The issue itself is trivial. I'd have used a cast in any case to suppress the warning, but I'm wanting to know whether I should report the bug to MS.

Code to recreate:

template <typename T>
struct Foo { T val; };

template <typename T>
Foo<T>& operator*=(Foo<T>& left, T right) {
  left.val *= right;
  return left;
}

void main() {
  Foo<float> bar;
  bar *= 4; //"no operator *= matches these operands"
}

I get why it's happening, but I kind of expect that when it doesn't find a float,int signature it will make the effort to check promotions.

Is this standard?

My bad, I was fiddling with it. I'll fix it in the OP. 'left' should be Foo<T>&.

C++ template type deduction rules are spelled out in the standard in excruciating detail

Okay, so are you going to cite a relevant passage so the question is answered?

and compilers implement it exactly as specified

Except for when they don't.

While bugs are possible, you would need to be well versed in the C++ standard to differentiate between compiler bugs and C++ limitations.

There are people here that are extremely well-versed, so I'm asking those people.

You also told me that compilers always implement the standard correctly and asserted the reasoning that it's not possible to find a bug unless you've memorized the standard.

I am searching the standard right now, but I'm also allowed to ask other people that are more familiar with it in case someone knows with a satisfactory degree of confidence.

The behavior is standard. The relevant section is §14.8.3, paragraph 1.

Template-related compiler bug or... ?

The answer to that question is basically always the OR option.
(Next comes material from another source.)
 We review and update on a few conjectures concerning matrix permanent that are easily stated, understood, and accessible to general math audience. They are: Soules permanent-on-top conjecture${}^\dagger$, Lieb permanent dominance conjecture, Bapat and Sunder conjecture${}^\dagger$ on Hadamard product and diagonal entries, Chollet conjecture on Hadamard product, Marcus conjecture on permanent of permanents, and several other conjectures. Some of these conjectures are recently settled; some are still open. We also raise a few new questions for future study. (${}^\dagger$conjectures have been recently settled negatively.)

Compiler bugs do happen. Unless you're really pushing the compiler with cutting-edge Boost-developer style magic, though, you're not hitting a bug. You're just doing it wrong. :)


The solution for your case would be to change up the template definition to not rely on type deduction. You're making assumptions based on the rules for overloading, but overloading isn't want has failed. Type deduction is what has failed. The operator*= is being excluded because of substitution failure.
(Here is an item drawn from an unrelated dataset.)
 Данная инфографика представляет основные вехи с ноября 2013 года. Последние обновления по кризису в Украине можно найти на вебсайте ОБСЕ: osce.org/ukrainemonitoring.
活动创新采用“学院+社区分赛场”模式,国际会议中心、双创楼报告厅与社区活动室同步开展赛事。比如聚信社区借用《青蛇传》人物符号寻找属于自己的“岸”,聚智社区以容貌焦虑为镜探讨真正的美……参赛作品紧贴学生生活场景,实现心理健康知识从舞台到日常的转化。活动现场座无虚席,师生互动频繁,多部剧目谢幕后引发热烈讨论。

Basically, the problem is that the compiler has to guess what T is for your operator*=. The parameters it has to match against are Foo<T> and T, and you've passed it a Foo<float> and an int. T cannot be both a float and an int. Substitution of types for T has failed and the template is not added to the overload set. There is then an empty overload set. Promotion only comes into play when _converting_ values, not when substituting types, but since there's an empty overload set there's nothing to promote anyway.
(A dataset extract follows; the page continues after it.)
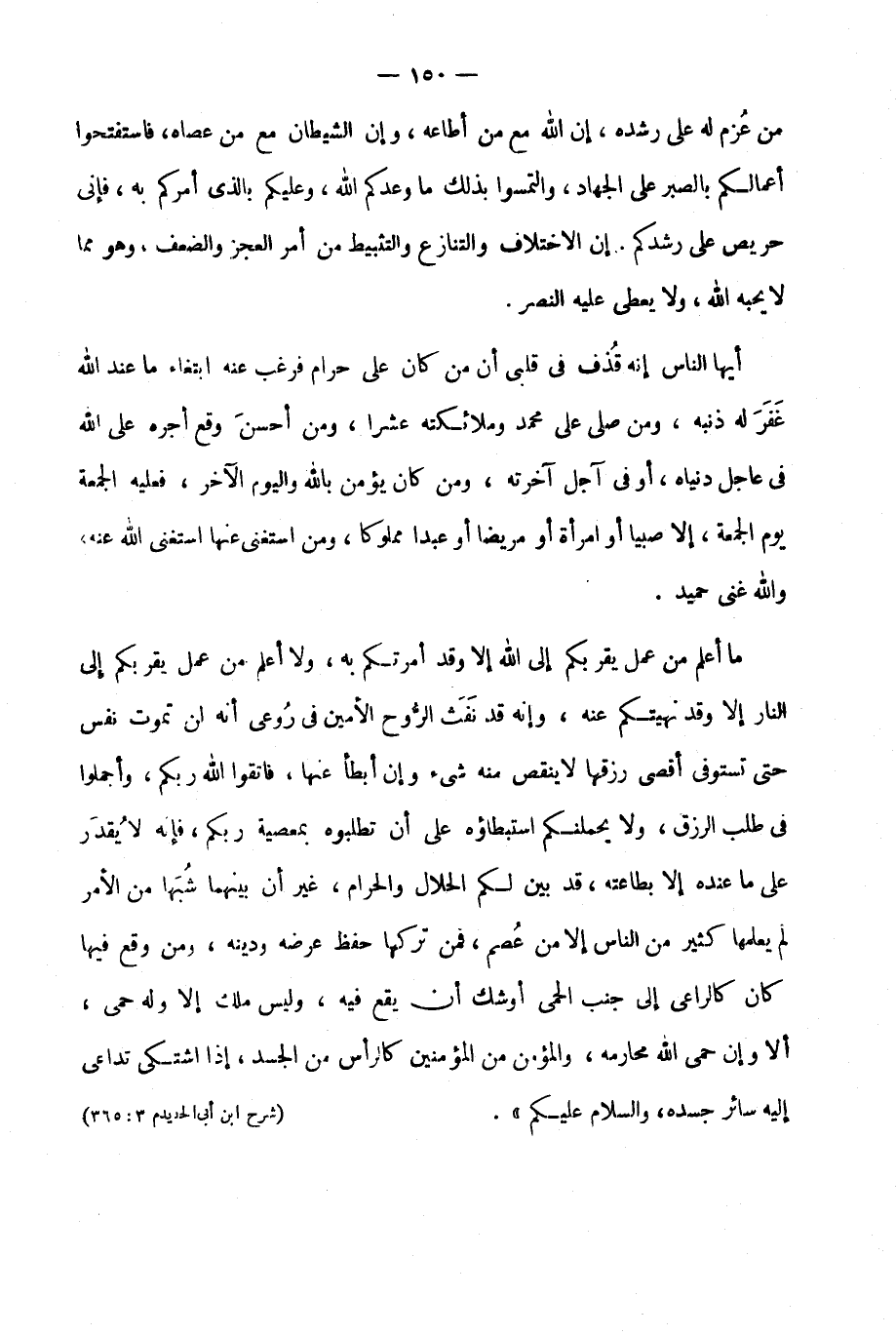 ما أعلم من عمل يقربكم إلى الله إلا وقد أمرتكم به، ولا أعلم من عمل يقربكم إلى النار إلا وقد نهيتكم عنه، وإنه قد نفث الروح الأمين في روعي أنه لن تموت نفس حتى تستوفي أقصى رزقها لا ينقص منه شيء وإن أبطأ عنها؛ فاتقوا الله ربكم، وأجملوا في طلب الرزق، ولا يحملنكم استبطاؤه على أن تطلبوه بمعصية ربكم؛ فإنه لا يقدر على ما عنده إلى بطاعته، قد بين لكم الحلال والحرام؛ غير أن بينهما شبهًا من الأمر لم يعلمها كثير من الناس إلا من عصم؛ فمن تركها حفظ عرضه ودينه، ومن وقع فيها كان كالراعي إلى جنب الحمى أوشك أن يقع فيه، وليس ملك إلا وله حمى؛ ألا وإن حمى الله محارمه، والمؤمن من المؤمنين كالرأس من الجسد، إذا اشتكى تداعى إليه سائر جسده، والسلام عليكم".

One option would be to put the operator*= inline in the defintion of Foo. That way, T no longer needs to be deduced because it is explicit in the definition of Foo<float>, the operator*= of type T is found and added to the overload set, and the int is then promoted to float during overload resolution.


A second option, if the definition must be external, is to allow more flexibility for substitution. There are several ways to do this, but I think the "simplest" one may be this:

template <typename T, typename U, typename = decltype(std::declval<T>() *= std::declval<U>())>
Foo<T>& operator*=(Foo<T>& a, U const& b)
{
  l.val *= b;
  return l;
}

The third typename parameter will trigger substitution failure when a value of T (such as l.val) does not support operator*= with a value of U (such as the b parameter). Concepts would make this code a lot cleaner, of course. There's a few other ways to write that function, but that's probably the least crazy. The cleanest option in general for this sort of problem relies on treiling return types or C++17 void_t, but trailing return types doesn't work in this specific circumstance and you odn't have void_t yet. :)